## Exercise aim
Reproduce, word for word, the lines in the material below starting with the one that has "This refreshing mix" and going on through the one that has "티셔츠의 오리지널 그래픽". Leave out all pictures.

## Records to use
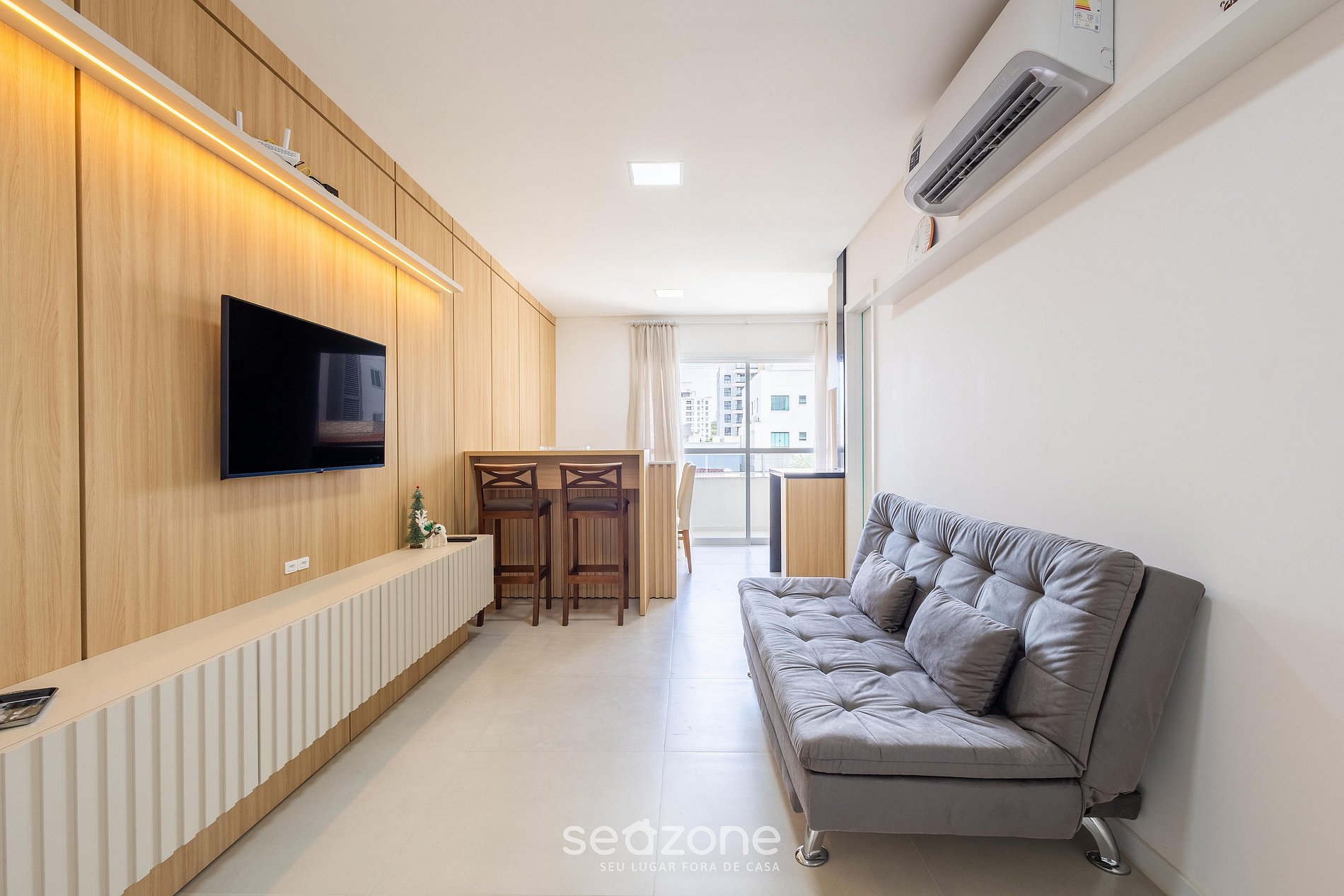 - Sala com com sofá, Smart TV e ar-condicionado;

---

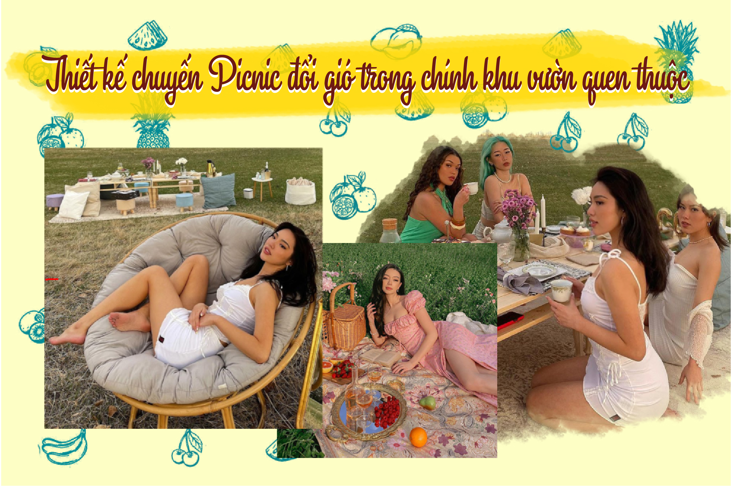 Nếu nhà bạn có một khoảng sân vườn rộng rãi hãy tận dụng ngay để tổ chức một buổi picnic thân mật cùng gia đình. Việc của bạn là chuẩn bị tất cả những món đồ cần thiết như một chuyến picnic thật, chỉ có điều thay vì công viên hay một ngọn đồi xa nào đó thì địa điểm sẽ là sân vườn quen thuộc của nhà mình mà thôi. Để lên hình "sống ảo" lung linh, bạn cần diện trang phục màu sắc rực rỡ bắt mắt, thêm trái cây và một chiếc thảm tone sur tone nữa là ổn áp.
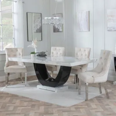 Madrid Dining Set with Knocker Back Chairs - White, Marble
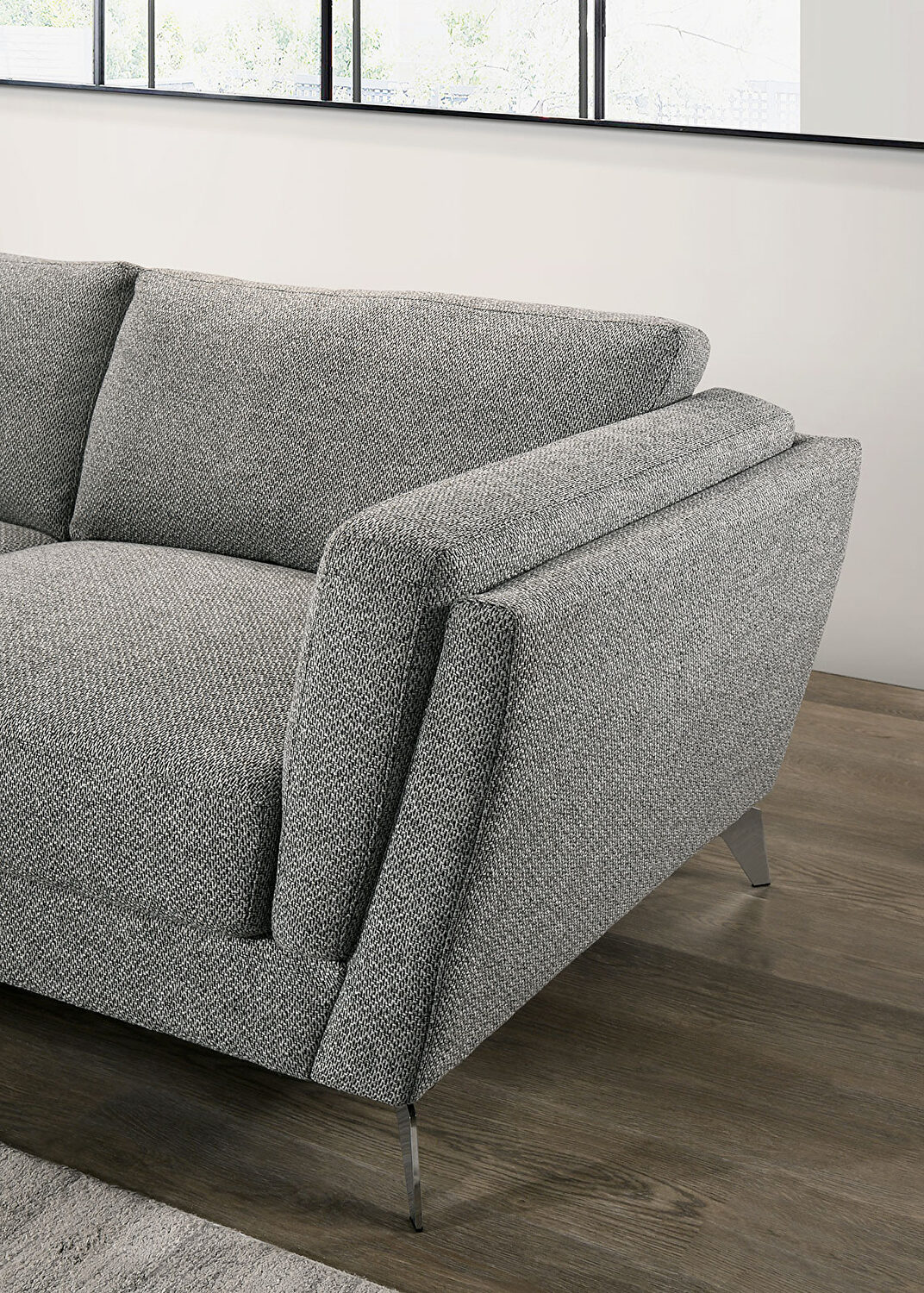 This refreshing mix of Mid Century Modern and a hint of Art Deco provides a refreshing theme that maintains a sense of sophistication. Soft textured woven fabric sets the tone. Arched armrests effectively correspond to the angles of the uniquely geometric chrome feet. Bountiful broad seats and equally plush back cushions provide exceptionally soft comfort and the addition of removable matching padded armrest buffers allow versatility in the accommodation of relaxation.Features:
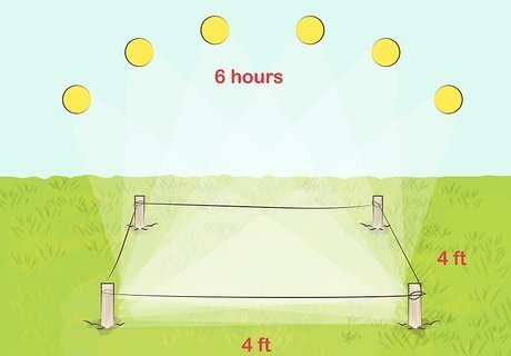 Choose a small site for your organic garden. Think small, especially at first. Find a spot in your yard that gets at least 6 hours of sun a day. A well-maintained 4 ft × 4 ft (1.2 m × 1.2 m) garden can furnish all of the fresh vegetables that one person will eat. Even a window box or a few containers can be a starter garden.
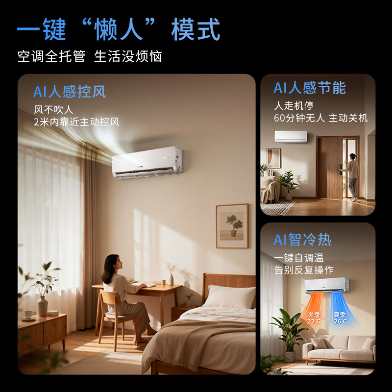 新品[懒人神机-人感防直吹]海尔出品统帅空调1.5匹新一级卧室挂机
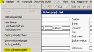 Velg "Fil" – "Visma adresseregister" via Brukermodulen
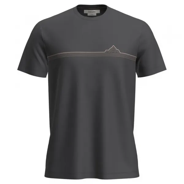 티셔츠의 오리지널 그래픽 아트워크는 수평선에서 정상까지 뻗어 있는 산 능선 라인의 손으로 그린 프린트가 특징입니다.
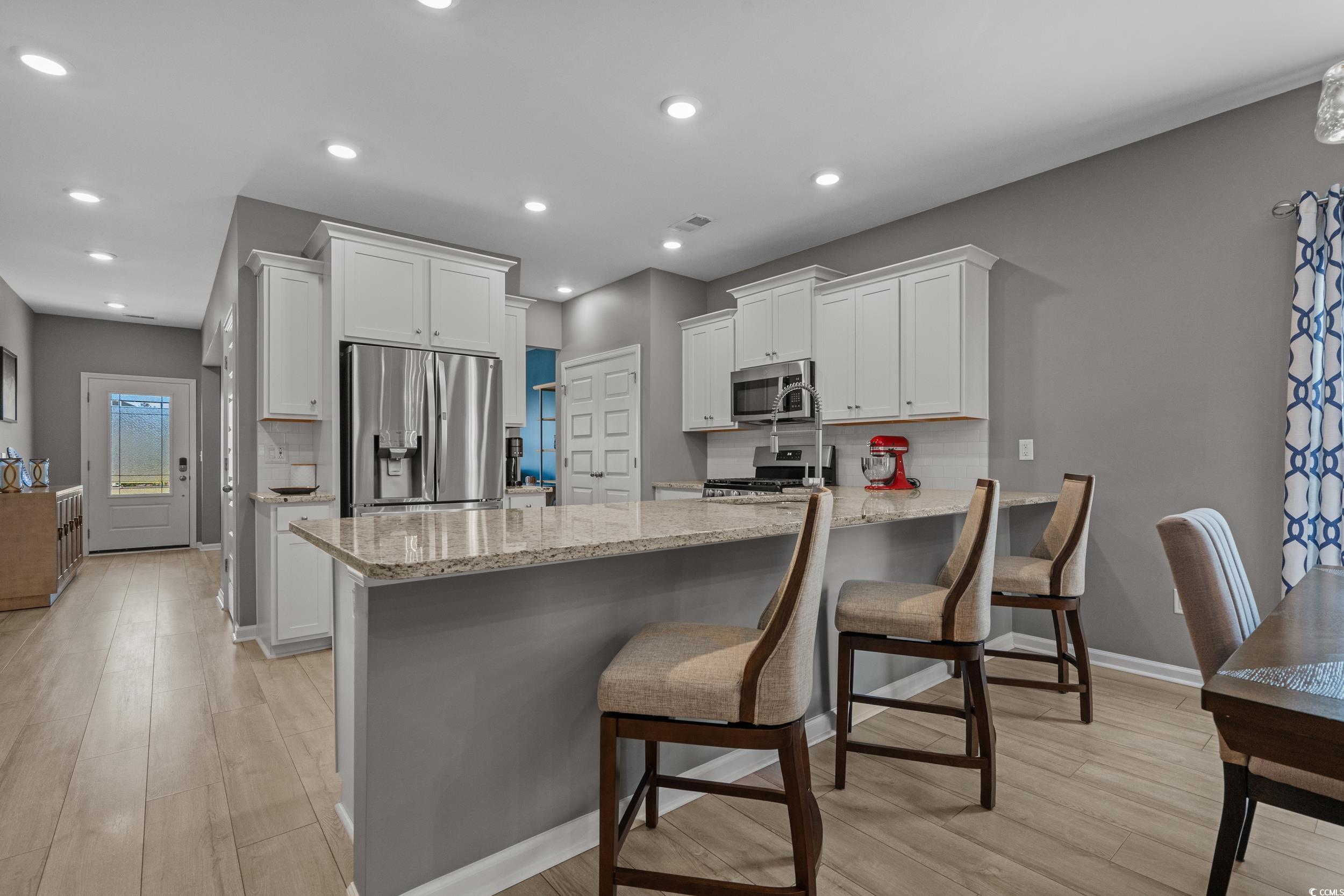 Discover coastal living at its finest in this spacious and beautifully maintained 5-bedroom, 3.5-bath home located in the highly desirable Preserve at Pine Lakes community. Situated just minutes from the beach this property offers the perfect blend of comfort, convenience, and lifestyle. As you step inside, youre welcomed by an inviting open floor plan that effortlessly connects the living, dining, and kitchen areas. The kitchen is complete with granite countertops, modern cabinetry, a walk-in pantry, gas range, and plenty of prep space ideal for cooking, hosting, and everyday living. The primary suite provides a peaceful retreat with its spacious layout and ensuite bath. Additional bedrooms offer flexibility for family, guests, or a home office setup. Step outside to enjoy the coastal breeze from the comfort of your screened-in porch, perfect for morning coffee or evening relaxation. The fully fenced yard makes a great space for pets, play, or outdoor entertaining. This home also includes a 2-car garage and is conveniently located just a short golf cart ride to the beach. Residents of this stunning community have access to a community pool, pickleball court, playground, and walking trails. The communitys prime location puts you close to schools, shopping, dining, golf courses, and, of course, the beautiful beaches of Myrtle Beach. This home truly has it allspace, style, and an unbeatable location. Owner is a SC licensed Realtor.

## Response box
 This refreshing mix of Mid Century Modern and a hint of Art Deco provides a refreshing theme that maintains a sense of sophistication. Soft textured woven fabric sets the tone. Arched armrests effectively correspond to the angles of the uniquely geometric chrome feet. Bountiful broad seats and equally plush back cushions provide exceptionally soft comfort and the addition of removable matching padded armrest buffers allow versatility in the accommodation of relaxation.Features:
 Choose a small site for your organic garden. Think small, especially at first. Find a spot in your yard that gets at least 6 hours of sun a day. A well-maintained 4 ft × 4 ft (1.2 m × 1.2 m) garden can furnish all of the fresh vegetables that one person will eat. Even a window box or a few containers can be a starter garden.
 新品[懒人神机-人感防直吹]海尔出品统帅空调1.5匹新一级卧室挂机
 Velg "Fil" – "Visma adresseregister" via Brukermodulen
 티셔츠의 오리지널 그래픽 아트워크는 수평선에서 정상까지 뻗어 있는 산 능선 라인의 손으로 그린 프린트가 특징입니다.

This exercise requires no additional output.